### Dataset excerpts
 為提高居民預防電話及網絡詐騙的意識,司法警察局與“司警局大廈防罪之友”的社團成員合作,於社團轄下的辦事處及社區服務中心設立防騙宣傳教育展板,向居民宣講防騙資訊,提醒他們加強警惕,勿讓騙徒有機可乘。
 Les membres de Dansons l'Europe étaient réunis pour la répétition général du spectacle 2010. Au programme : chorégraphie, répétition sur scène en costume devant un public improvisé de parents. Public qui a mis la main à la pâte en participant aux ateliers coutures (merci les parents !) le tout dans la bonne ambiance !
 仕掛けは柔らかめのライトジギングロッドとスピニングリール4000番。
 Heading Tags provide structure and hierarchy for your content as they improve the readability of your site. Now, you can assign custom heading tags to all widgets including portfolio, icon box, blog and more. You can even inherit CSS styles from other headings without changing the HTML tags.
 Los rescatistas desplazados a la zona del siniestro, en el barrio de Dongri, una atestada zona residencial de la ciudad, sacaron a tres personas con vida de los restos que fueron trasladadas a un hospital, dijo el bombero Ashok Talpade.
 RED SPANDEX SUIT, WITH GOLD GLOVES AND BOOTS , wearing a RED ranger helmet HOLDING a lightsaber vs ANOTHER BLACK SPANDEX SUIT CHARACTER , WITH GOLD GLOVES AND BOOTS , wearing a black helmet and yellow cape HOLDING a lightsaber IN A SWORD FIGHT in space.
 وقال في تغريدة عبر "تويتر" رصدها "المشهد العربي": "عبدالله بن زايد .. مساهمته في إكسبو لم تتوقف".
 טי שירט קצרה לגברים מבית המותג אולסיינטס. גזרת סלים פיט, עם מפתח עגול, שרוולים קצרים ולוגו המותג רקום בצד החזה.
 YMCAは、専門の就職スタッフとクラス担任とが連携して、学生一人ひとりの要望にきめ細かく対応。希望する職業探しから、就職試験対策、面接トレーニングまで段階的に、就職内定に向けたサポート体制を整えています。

### WHAT THE TASK REQUIRES
Copy out the range of lines above starting at the line with "仕掛けは柔らかめのライトジギングロッドとスピニングリール4000番。" and ending at the line with "טי שירט קצרה", exactly and including both.

### EXERCISE RESULT
 仕掛けは柔らかめのライトジギングロッドとスピニングリール4000番。
 Heading Tags provide structure and hierarchy for your content as they improve the readability of your site. Now, you can assign custom heading tags to all widgets including portfolio, icon box, blog and more. You can even inherit CSS styles from other headings without changing the HTML tags.
 Los rescatistas desplazados a la zona del siniestro, en el barrio de Dongri, una atestada zona residencial de la ciudad, sacaron a tres personas con vida de los restos que fueron trasladadas a un hospital, dijo el bombero Ashok Talpade.
 RED SPANDEX SUIT, WITH GOLD GLOVES AND BOOTS , wearing a RED ranger helmet HOLDING a lightsaber vs ANOTHER BLACK SPANDEX SUIT CHARACTER , WITH GOLD GLOVES AND BOOTS , wearing a black helmet and yellow cape HOLDING a lightsaber IN A SWORD FIGHT in space.
 وقال في تغريدة عبر "تويتر" رصدها "المشهد العربي": "عبدالله بن زايد .. مساهمته في إكسبو لم تتوقف".
 טי שירט קצרה לגברים מבית המותג אולסיינטס. גזרת סלים פיט, עם מפתח עגול, שרוולים קצרים ולוגו המותג רקום בצד החזה.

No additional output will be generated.